Active Slices for Sliced Stein Discrepancy

TL;DR

This paper introduces a theoretically justified and computationally efficient method for selecting slicing directions in Sliced Stein Discrepancy, significantly improving performance and speed in high-dimensional goodness-of-fit tests and model learning.

Contribution

It provides theoretical validation for using random slicing directions and proposes a fast spectral algorithm for optimal slicing direction search.

Findings

Achieves 14-80x speed-up in goodness-of-fit tests.

Improves test performance and convergence speed.
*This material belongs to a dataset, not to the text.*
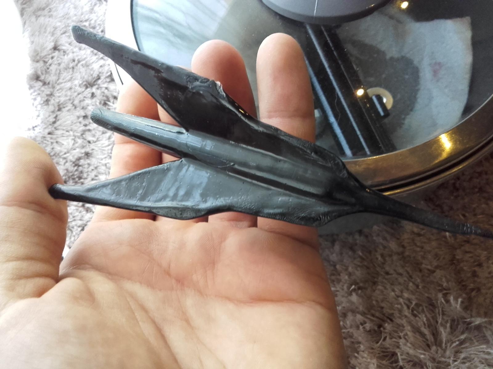 nicolas65 Posté(e) Septembre 7, 2017 Posté(e) Septembre 7, 2017 excellent sujet ca ne fait que 2semaines et demi que j'ai une imprimante 3d mais j'ai déjà munitions en stock en coneries il y a 2h environ j'ai encore ruiné une piece de 18h d'impression en ABS avec l'acétone je commence par mon plus beau fail ? un double fail qui m'a couté cher, pas en matière mais en dégâts trop d'espace entre les supports et les pales, arrivées sur les parties inclinées des pales, c'était donc dans le vide à quelques mm des supports, l'abs s'est levé, a tapé les buses de refroidissement, on voit l'impact sur la deuxième photo et décalage de l'ensemble de l'impression mais c'est pas fini, bon faut décoller ce raté après de longues heures d'impressions et 1 lokbuild à la poubelle

Validates the use of finite random slices in kernelized SSD.

Abstract

Sliced Stein discrepancy (SSD) and its kernelized variants have demonstrated promising successes in goodness-of-fit tests and model learning in high dimensions. Despite their theoretical elegance, their empirical performance depends crucially on the search of optimal slicing directions to discriminate between two distributions. Unfortunately, previous gradient-based optimisation approaches for this task return sub-optimal results: they are computationally expensive, sensitive to initialization, and they lack theoretical guarantees for convergence. We address these issues in two steps. First, we provide theoretical results stating that the requirement of using optimal slicing directions in the kernelized version of SSD can be relaxed, validating the resulting discrepancy with finite random slicing directions. Second, given that good slicing directions are crucial for practical performance, we propose a fast algorithm for finding such slicing directions based on ideas of active sub-space construction and spectral decomposition. Experiments on goodness-of-fit tests and model learning show that our approach achieves both improved performance and faster convergence. Especially, we demonstrate a 14-80x speed-up in goodness-of-fit tests when comparing with gradient-based alternatives.